### What to work on
Could you retype only the lines from the one containing "Uppegården ordlek t-shirt" through the final line of the entries, both included, skipping any images?

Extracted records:
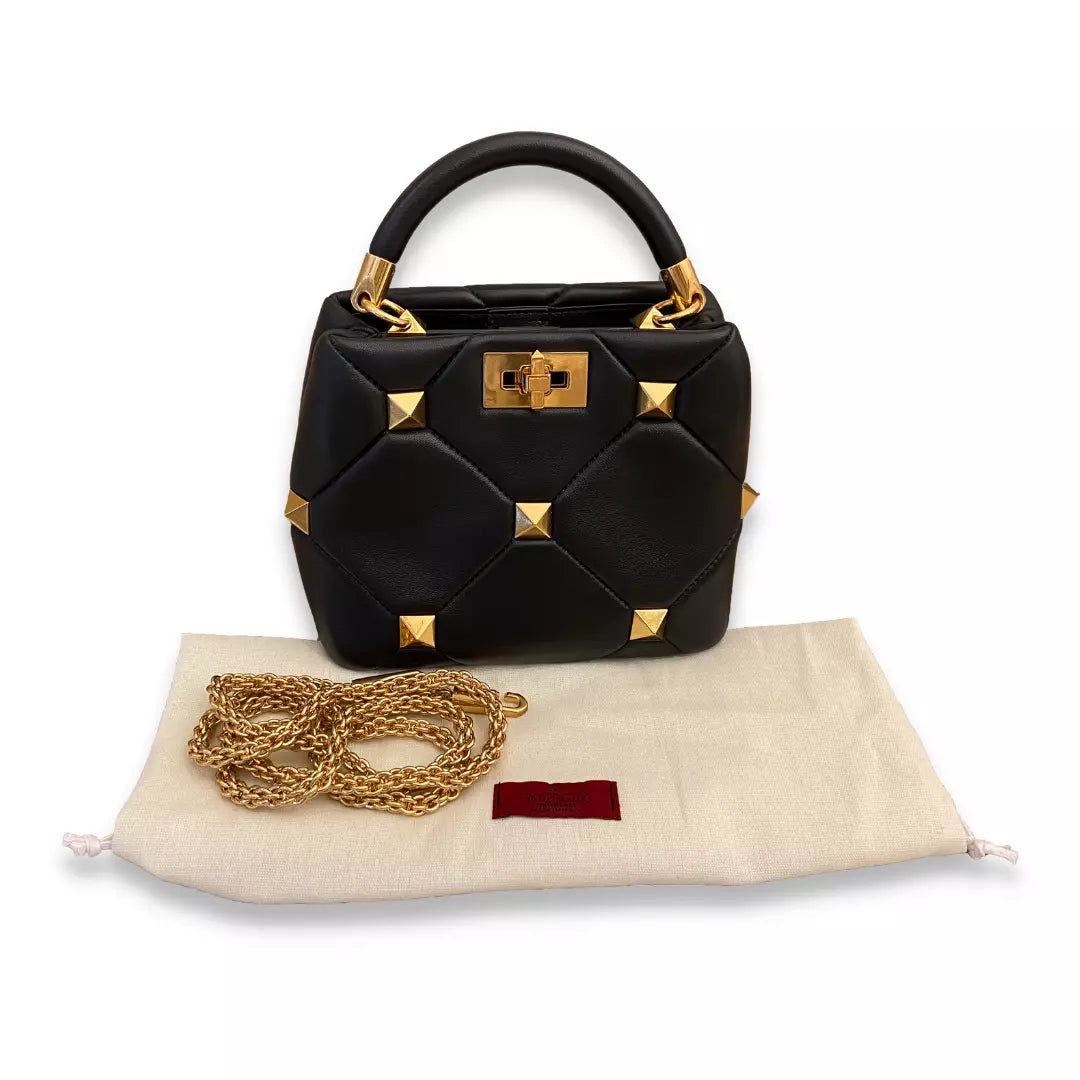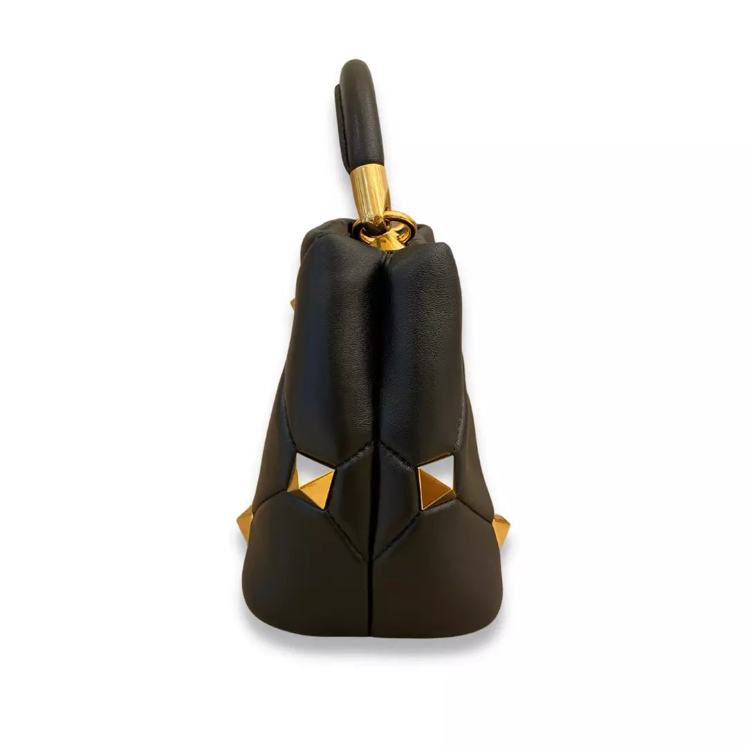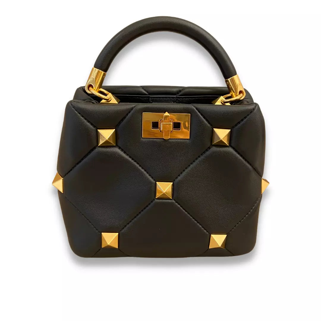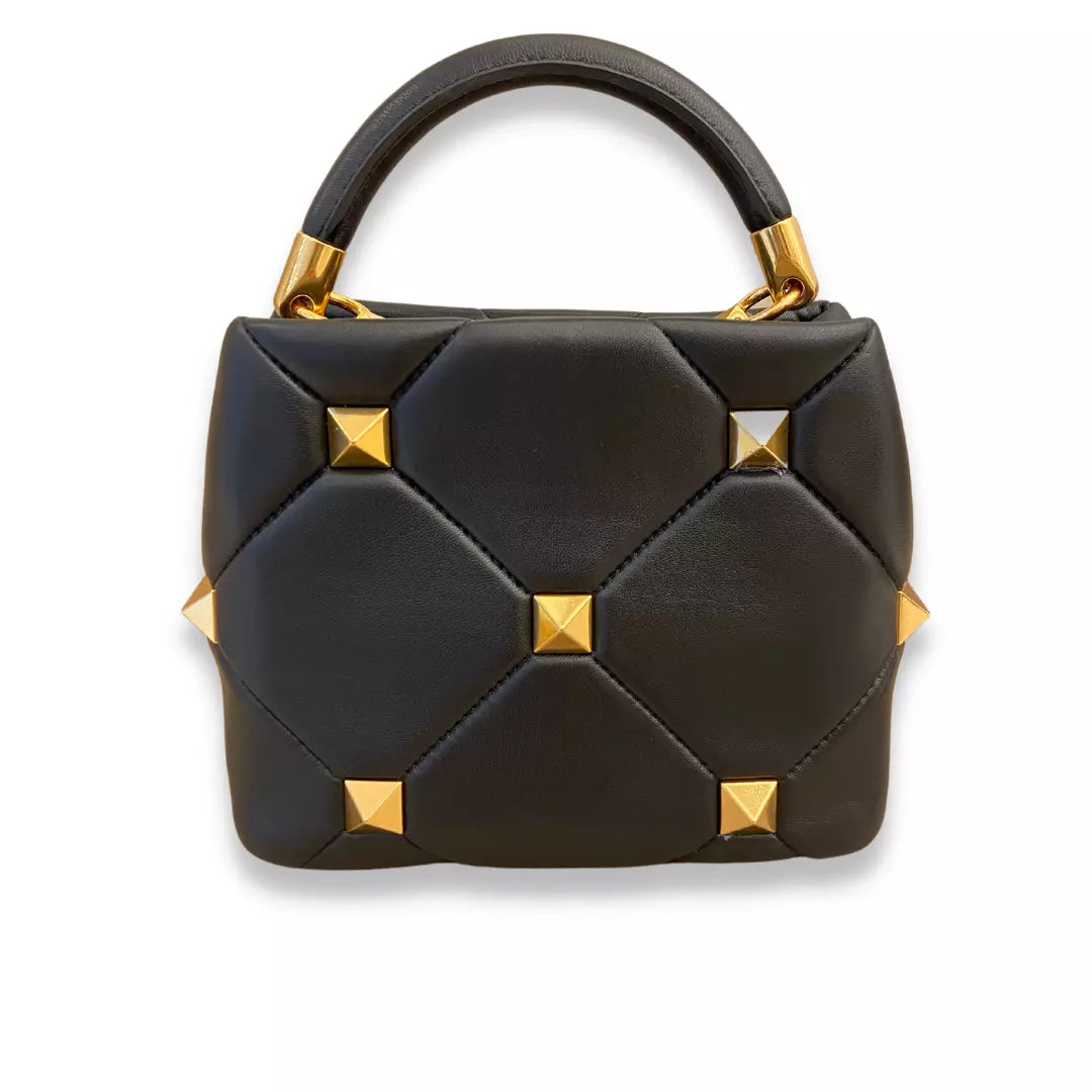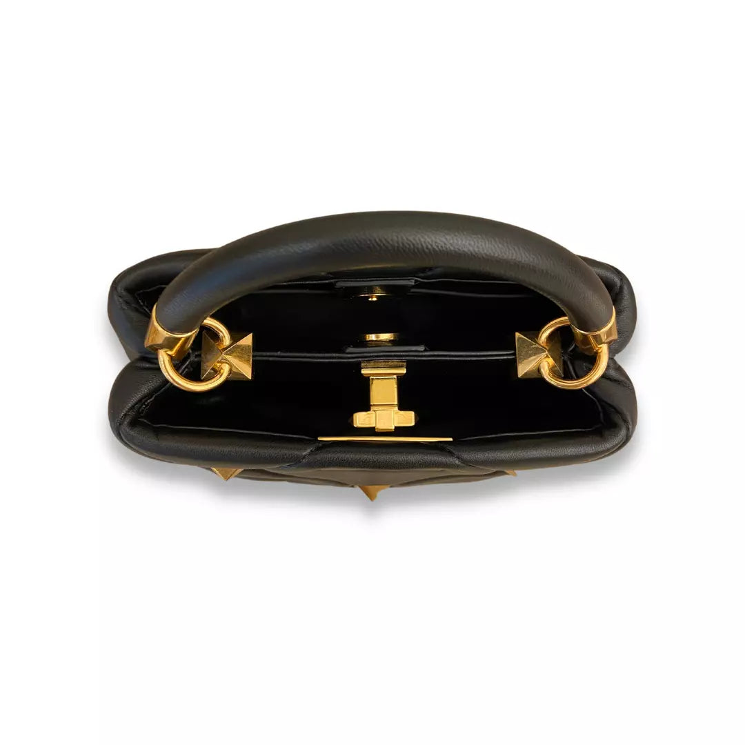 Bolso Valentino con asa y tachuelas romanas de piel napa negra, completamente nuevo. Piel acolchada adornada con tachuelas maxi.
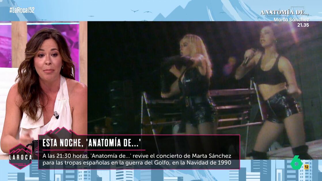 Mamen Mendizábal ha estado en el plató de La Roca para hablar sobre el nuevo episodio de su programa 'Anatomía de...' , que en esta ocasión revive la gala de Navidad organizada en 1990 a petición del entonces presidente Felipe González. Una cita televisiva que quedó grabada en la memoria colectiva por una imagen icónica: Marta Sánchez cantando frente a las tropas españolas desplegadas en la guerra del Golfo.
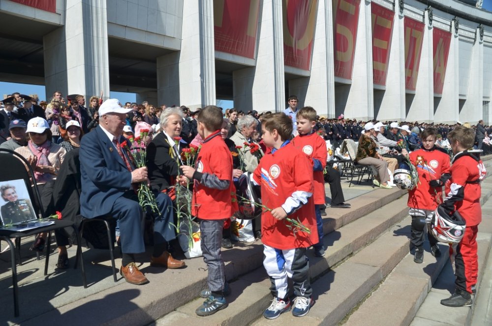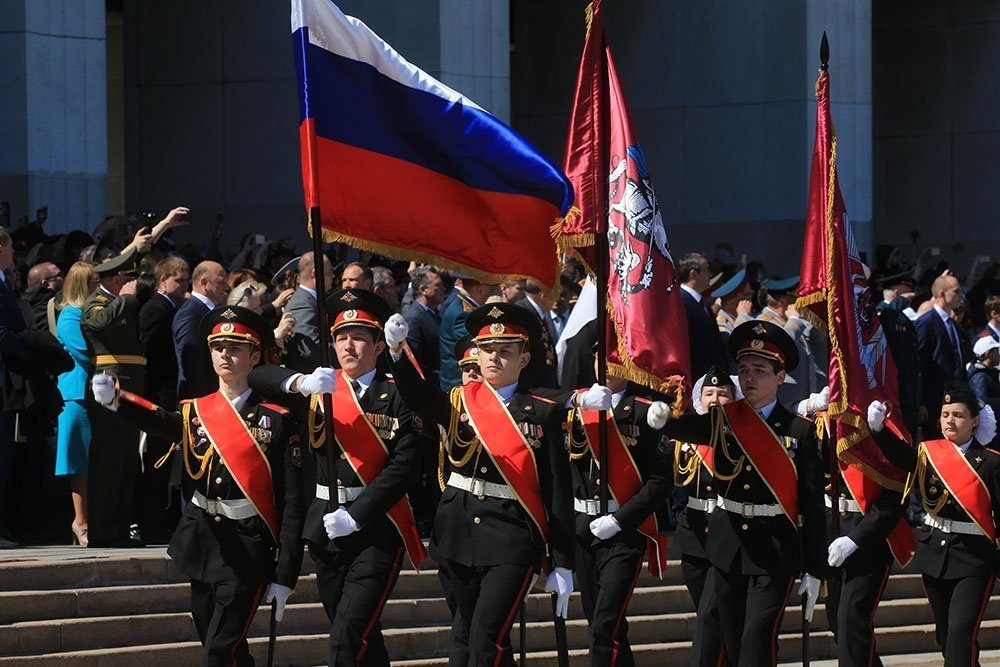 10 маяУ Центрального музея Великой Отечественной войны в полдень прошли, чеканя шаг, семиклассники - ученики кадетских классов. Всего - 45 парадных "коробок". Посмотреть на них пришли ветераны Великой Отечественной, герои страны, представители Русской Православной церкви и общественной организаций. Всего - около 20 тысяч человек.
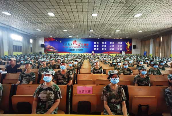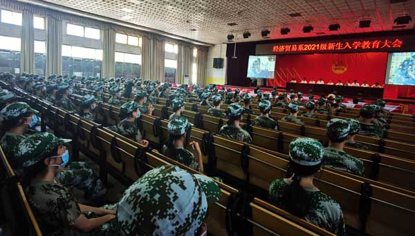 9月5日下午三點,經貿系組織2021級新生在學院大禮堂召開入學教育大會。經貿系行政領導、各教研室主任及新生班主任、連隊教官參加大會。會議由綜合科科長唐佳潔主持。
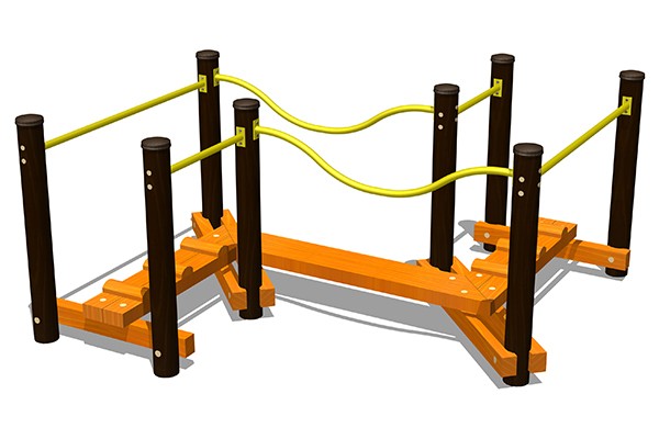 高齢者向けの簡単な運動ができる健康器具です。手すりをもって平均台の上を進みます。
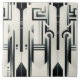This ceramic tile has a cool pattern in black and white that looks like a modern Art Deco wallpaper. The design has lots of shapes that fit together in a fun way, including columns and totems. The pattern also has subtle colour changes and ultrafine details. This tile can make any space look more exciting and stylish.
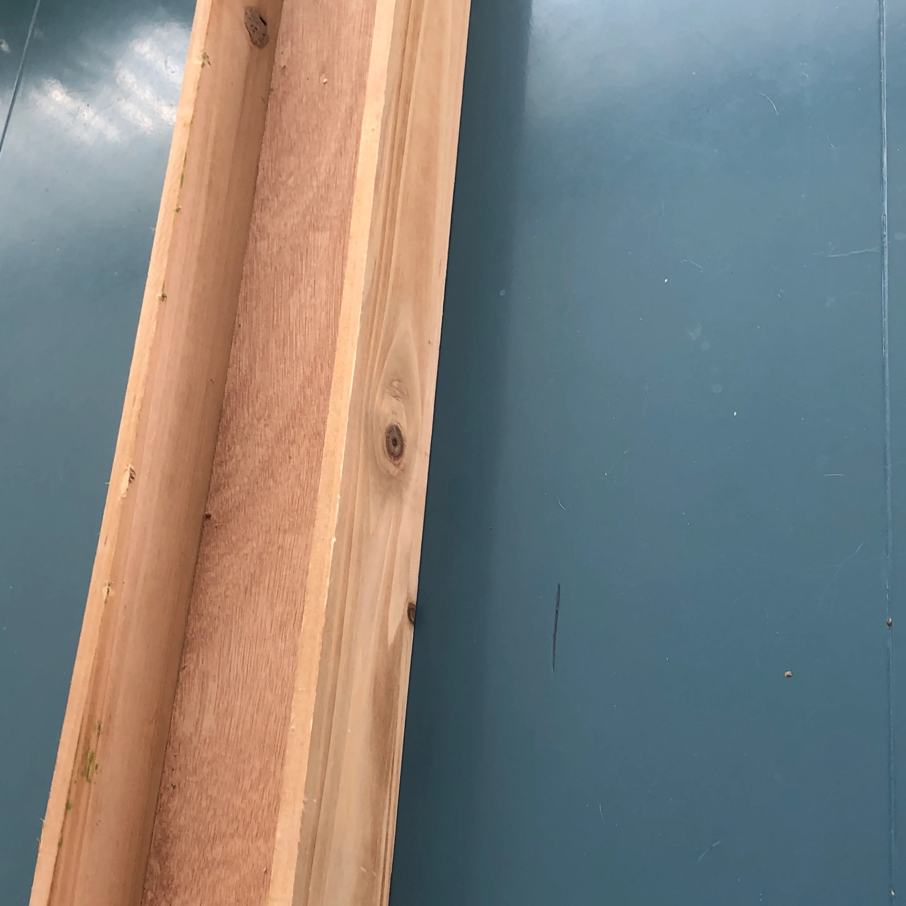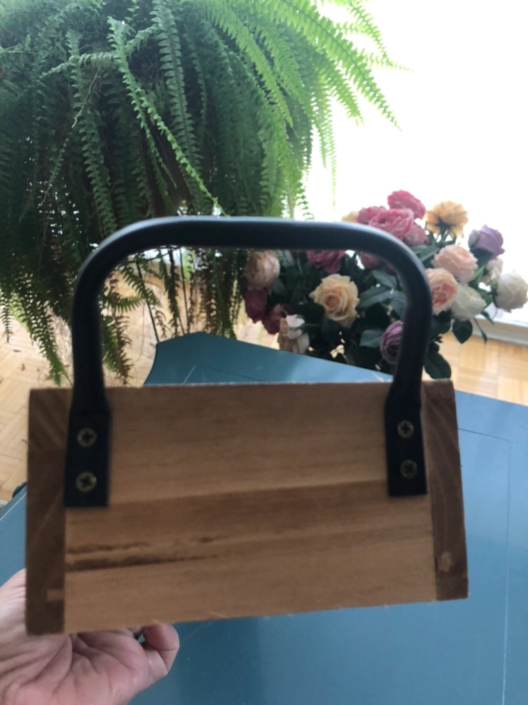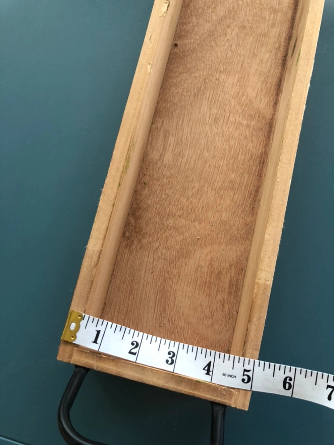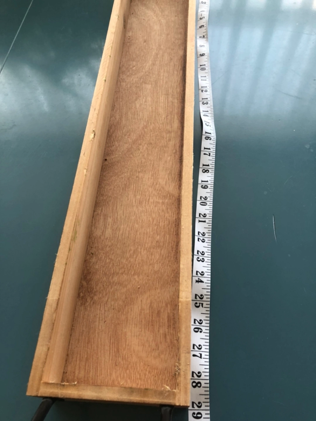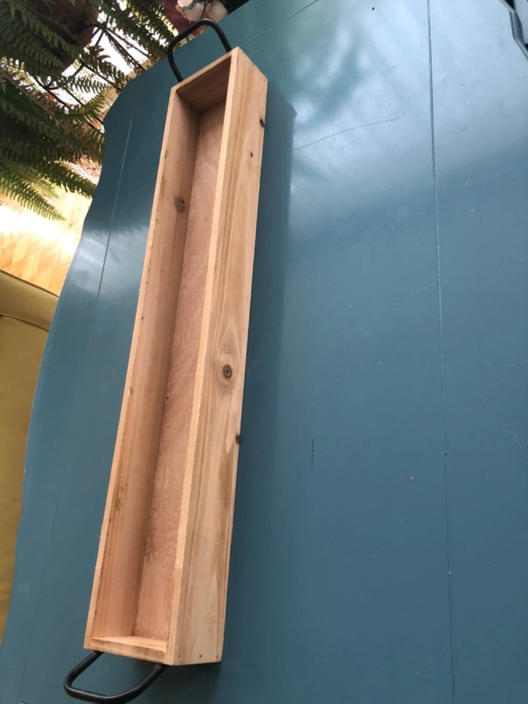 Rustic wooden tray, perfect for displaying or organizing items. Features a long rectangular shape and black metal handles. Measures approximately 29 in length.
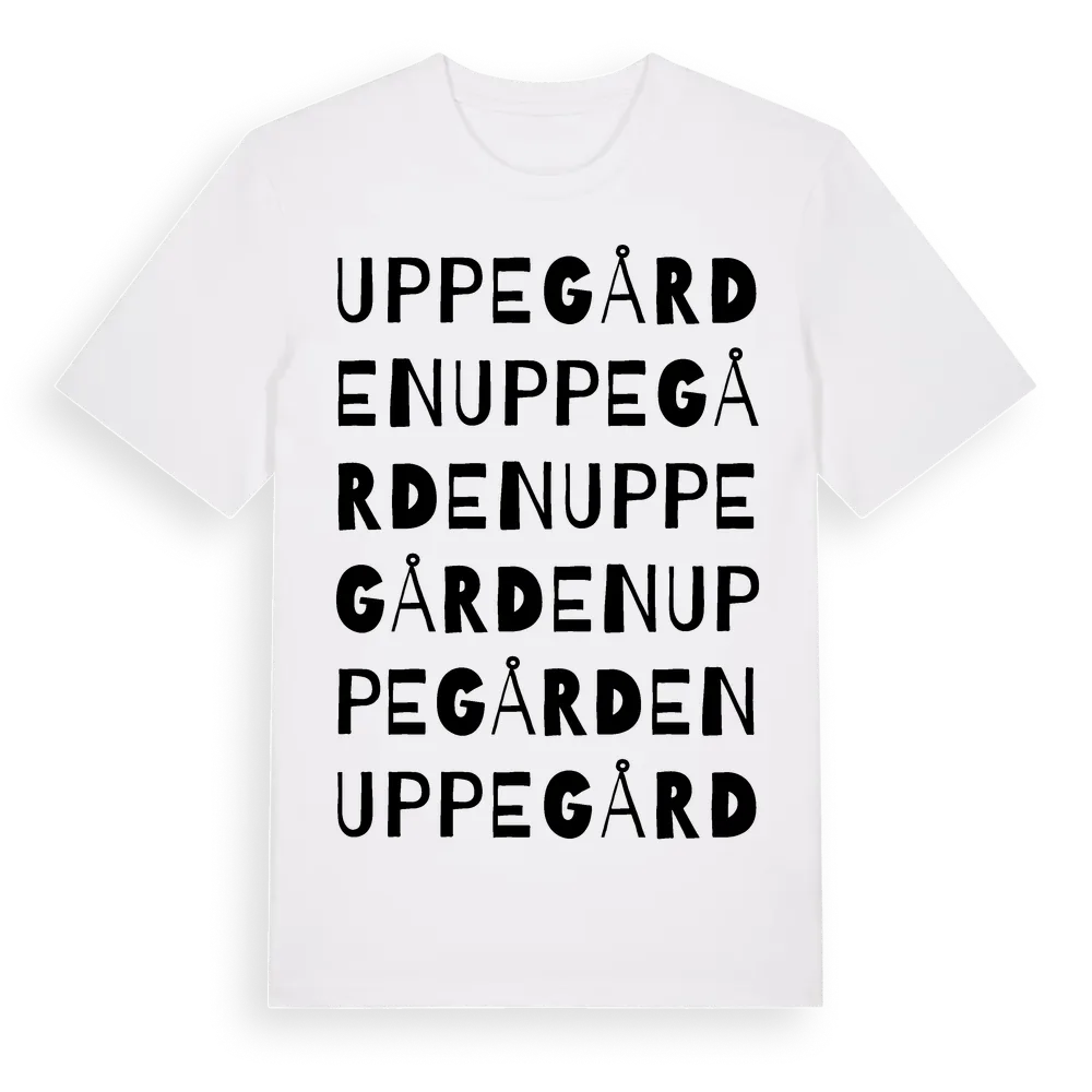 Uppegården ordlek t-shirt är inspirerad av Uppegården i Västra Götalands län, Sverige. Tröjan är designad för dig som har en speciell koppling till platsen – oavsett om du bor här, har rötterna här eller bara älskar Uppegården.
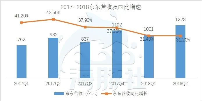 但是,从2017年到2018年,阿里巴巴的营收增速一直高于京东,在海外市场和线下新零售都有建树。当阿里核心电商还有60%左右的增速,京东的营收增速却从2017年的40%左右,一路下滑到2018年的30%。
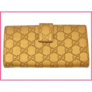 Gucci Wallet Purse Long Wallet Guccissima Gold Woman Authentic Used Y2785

### Response to this task
 Uppegården ordlek t-shirt är inspirerad av Uppegården i Västra Götalands län, Sverige. Tröjan är designad för dig som har en speciell koppling till platsen – oavsett om du bor här, har rötterna här eller bara älskar Uppegården.
 但是,从2017年到2018年,阿里巴巴的营收增速一直高于京东,在海外市场和线下新零售都有建树。当阿里核心电商还有60%左右的增速,京东的营收增速却从2017年的40%左右,一路下滑到2018年的30%。
 Gucci Wallet Purse Long Wallet Guccissima Gold Woman Authentic Used Y2785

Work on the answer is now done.